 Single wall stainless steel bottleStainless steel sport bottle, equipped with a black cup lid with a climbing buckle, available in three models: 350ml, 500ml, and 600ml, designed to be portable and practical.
--
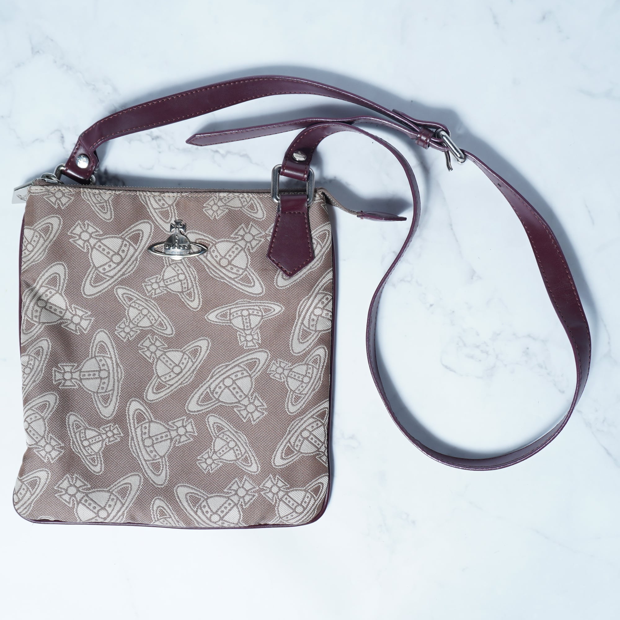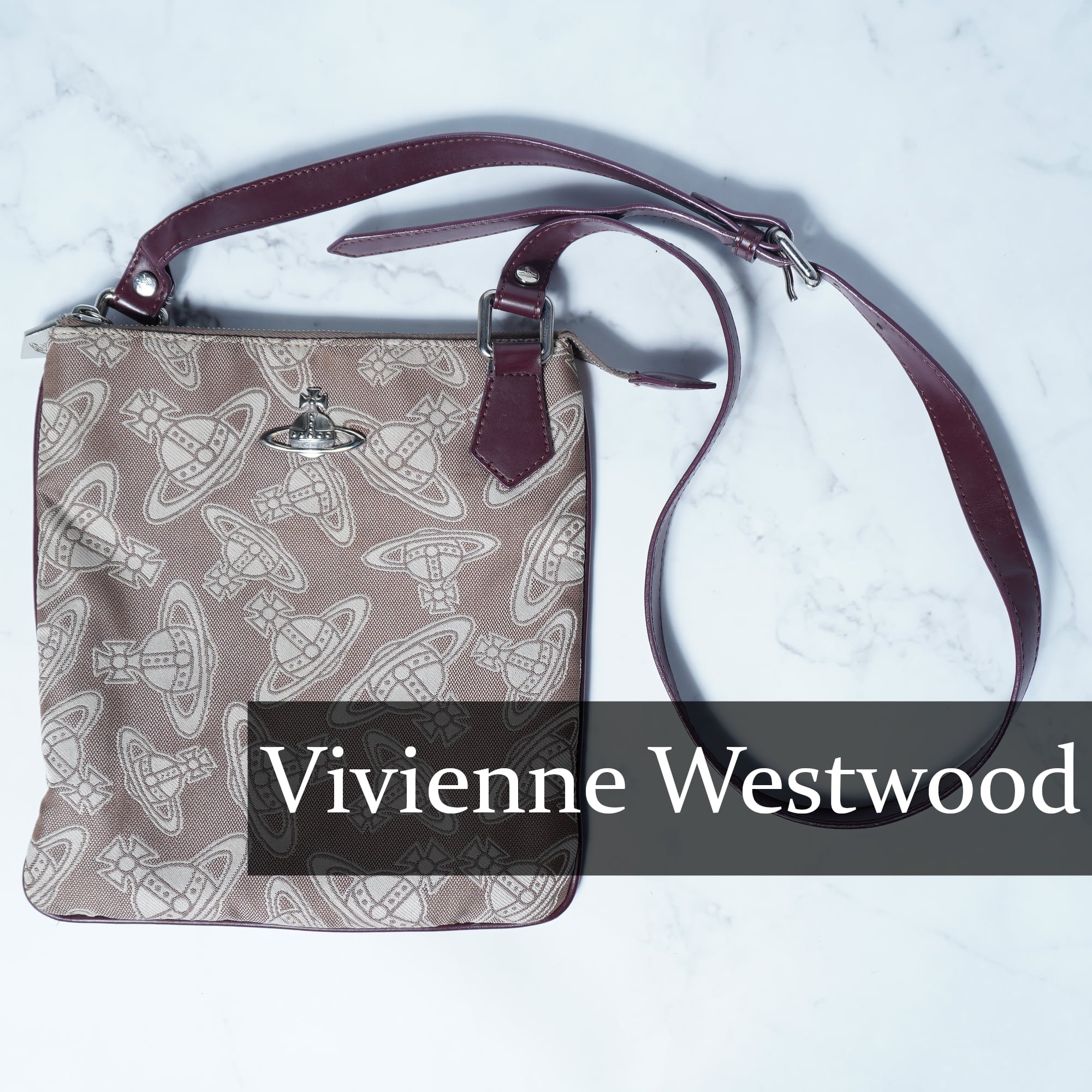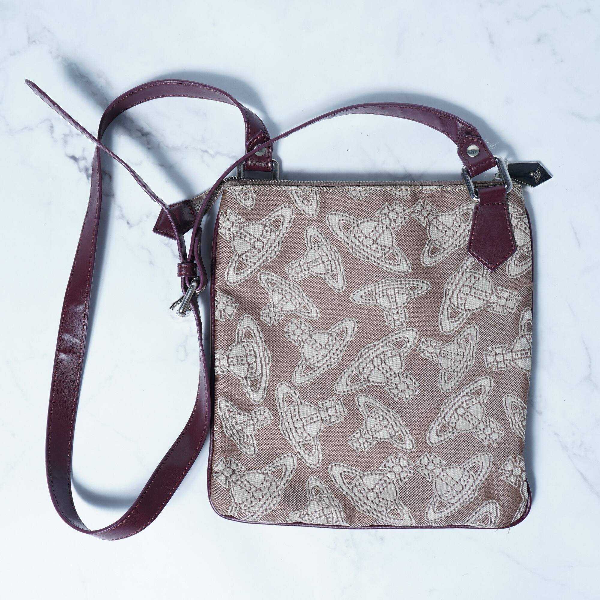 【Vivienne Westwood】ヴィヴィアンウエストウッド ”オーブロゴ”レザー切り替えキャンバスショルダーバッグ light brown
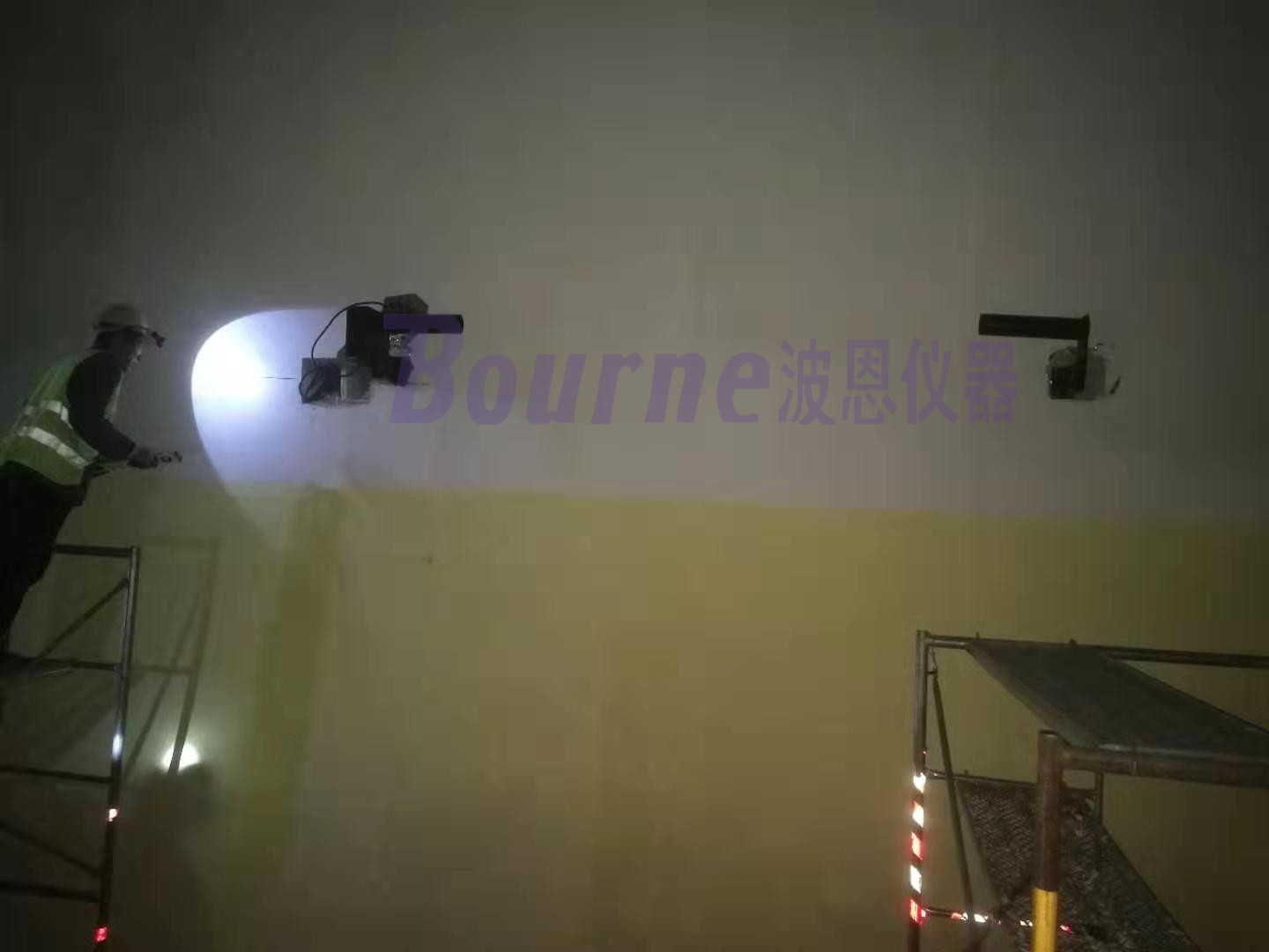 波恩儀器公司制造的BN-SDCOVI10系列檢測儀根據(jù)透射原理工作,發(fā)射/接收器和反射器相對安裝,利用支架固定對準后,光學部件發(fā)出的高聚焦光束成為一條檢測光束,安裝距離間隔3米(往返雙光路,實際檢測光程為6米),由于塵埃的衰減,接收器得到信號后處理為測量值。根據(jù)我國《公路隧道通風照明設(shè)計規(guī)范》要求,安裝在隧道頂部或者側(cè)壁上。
* * *
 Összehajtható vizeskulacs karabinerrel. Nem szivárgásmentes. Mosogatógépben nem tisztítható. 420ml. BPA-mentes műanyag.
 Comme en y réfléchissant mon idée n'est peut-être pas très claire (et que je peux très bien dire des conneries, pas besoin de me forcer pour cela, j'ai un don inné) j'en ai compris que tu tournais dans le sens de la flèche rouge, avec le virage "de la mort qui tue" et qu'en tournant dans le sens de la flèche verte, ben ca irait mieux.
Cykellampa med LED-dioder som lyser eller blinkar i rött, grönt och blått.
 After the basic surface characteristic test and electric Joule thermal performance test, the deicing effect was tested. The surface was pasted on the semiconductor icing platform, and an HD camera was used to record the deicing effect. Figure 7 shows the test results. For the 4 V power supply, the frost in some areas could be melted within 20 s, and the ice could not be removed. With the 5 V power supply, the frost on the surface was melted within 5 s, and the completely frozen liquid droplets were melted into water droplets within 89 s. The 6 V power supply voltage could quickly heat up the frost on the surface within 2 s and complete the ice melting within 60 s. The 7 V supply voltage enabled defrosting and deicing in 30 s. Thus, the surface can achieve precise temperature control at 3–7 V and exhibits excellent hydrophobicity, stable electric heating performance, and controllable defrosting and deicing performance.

#### Your instructions:
Please output exactly the lines between the one holding "Összehajtható vizeskulacs karabinerrel." and the one holding "Cykellampa med LED-dioder" in the records above, inclusive, and nothing more.

#### Answer to the exercise:
 Összehajtható vizeskulacs karabinerrel. Nem szivárgásmentes. Mosogatógépben nem tisztítható. 420ml. BPA-mentes műanyag.
 Comme en y réfléchissant mon idée n'est peut-être pas très claire (et que je peux très bien dire des conneries, pas besoin de me forcer pour cela, j'ai un don inné) j'en ai compris que tu tournais dans le sens de la flèche rouge, avec le virage "de la mort qui tue" et qu'en tournant dans le sens de la flèche verte, ben ca irait mieux.
Cykellampa med LED-dioder som lyser eller blinkar i rött, grönt och blått.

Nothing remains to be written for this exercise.